[PATCH] nvme-tcp: handle failing req immediately for REQ_FAILFAST_DRIVER

Mon Apr 11 04:22:17 PDT 2022

On Mon, Apr 11, 2022 at 12:58:09PM +0300, Sagi Grimberg wrote:
> > > I see there is a shutdown_timeout which is 5 seconds on default. Seems
> > > not to trigger though.
> > 
> > Obviously, the shutdown_timeout is not connected to the register
> > writes. So we would need something like:
> 
> Looking at this, its probably not what we want...

I agree. We just have to make sure that we fail these register
read/writes on transport layer and don't requeue them.

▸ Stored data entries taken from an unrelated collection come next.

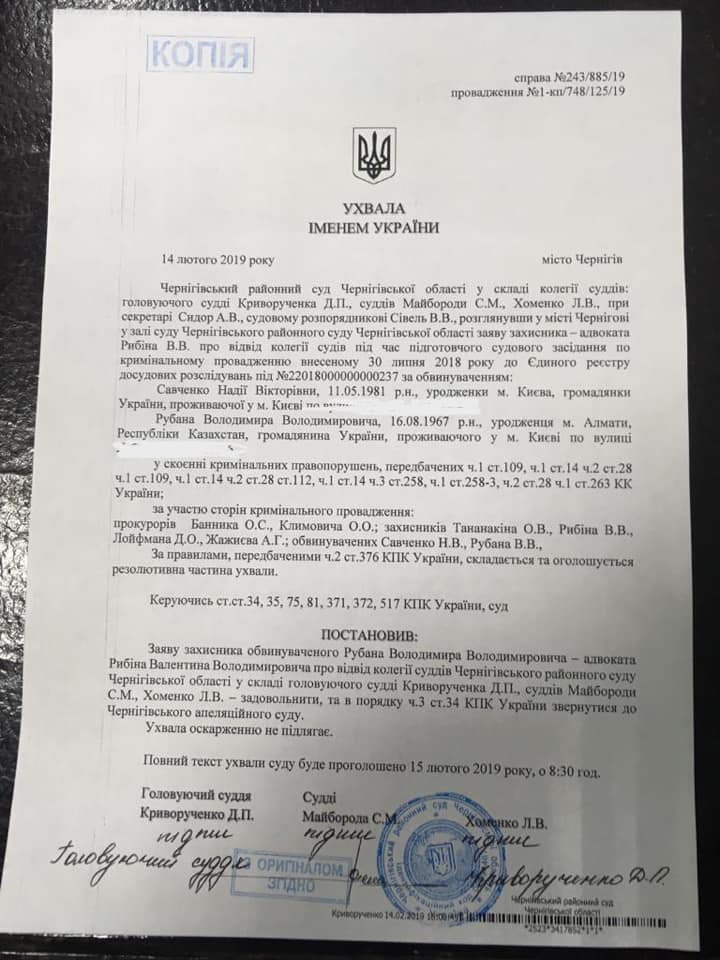 Коллегия судей удовлетворила отвод всех судей Черниговского суда по делу Савченко и Рубана. Документ
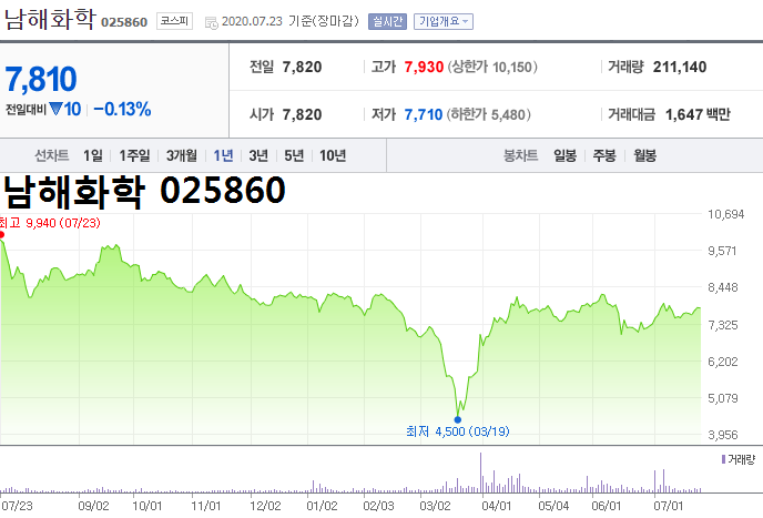 - 2020.07.06 남해화학, 태풍 및 장마 테마 상승세
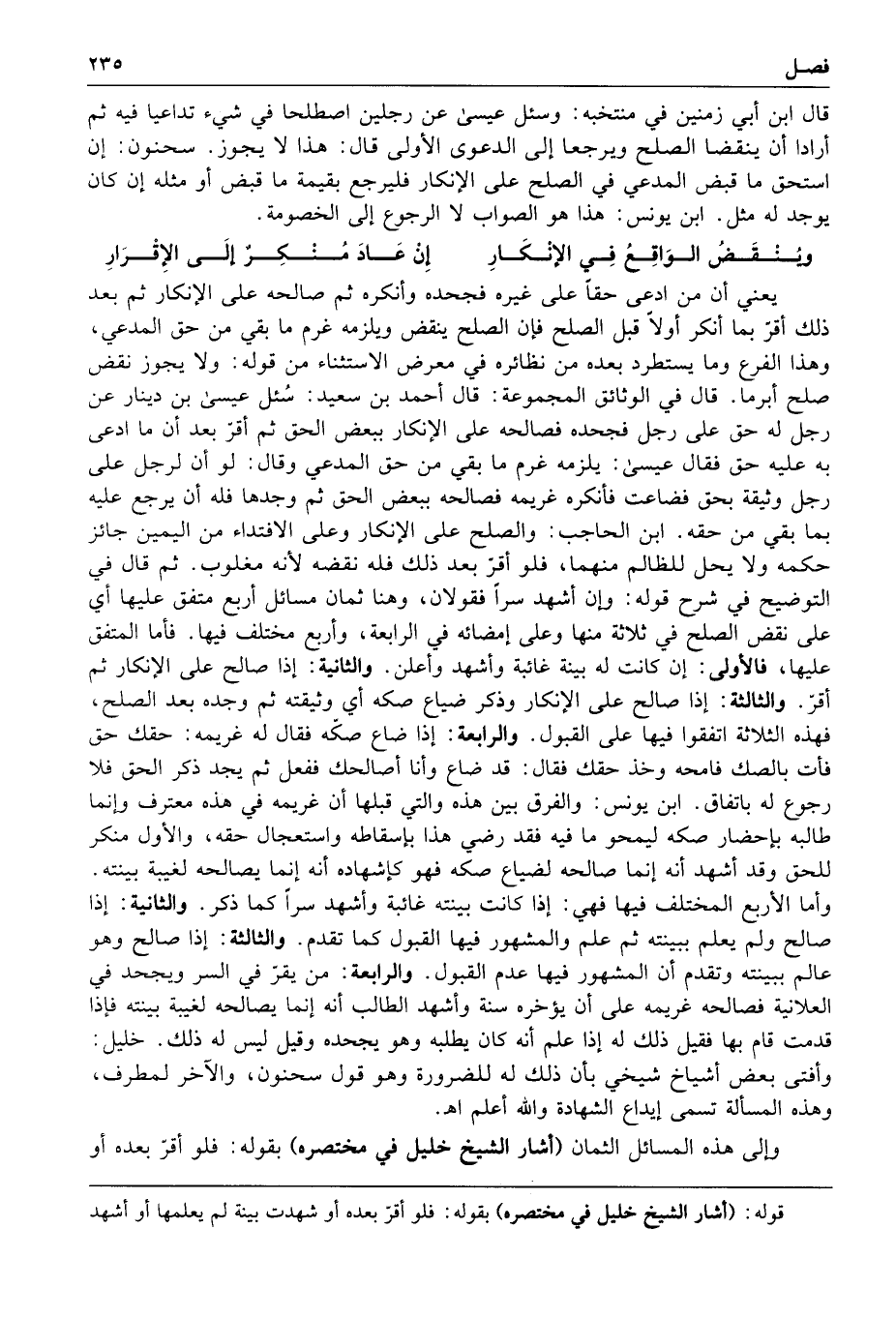 وإلى هذه المسائل الثمان أشار الشيخ خليل في مختصره بقوله فلو أقر بعده أو

> I've inspected the code and I don't think that we should check
> the return code at all, we should simply fail the request. If
> the io_work context is running in parallel with the the error
> recovery handler we have a bug that we need to fix.
> 
> How about this?

Yes this would work fine for my case.

> --
> diff --git a/drivers/nvme/host/tcp.c b/drivers/nvme/host/tcp.c
> index 10fc45d95b86..6d59867bb275 100644
> --- a/drivers/nvme/host/tcp.c
> +++ b/drivers/nvme/host/tcp.c
> @@ -1147,8 +1147,7 @@ static int nvme_tcp_try_send(struct nvme_tcp_queue
> *queue)
>         } else if (ret < 0) {
>                 dev_err(queue->ctrl->ctrl.device,
>                         "failed to send request %d\n", ret);
> -               if (ret != -EPIPE && ret != -ECONNRESET)
> -                       nvme_tcp_fail_request(queue->request);
> +               nvme_tcp_fail_request(req);
>                 nvme_tcp_done_send_req(queue);
>         }
>         return ret;
> --
> 
> Adding Anton,
> 
> Anton, do you see an issue with this change? io_work is safely
> fenced from the cancellation iter so there is no reason for
> us not to fail the request here when the socket closes (or
> any other reason for that matter).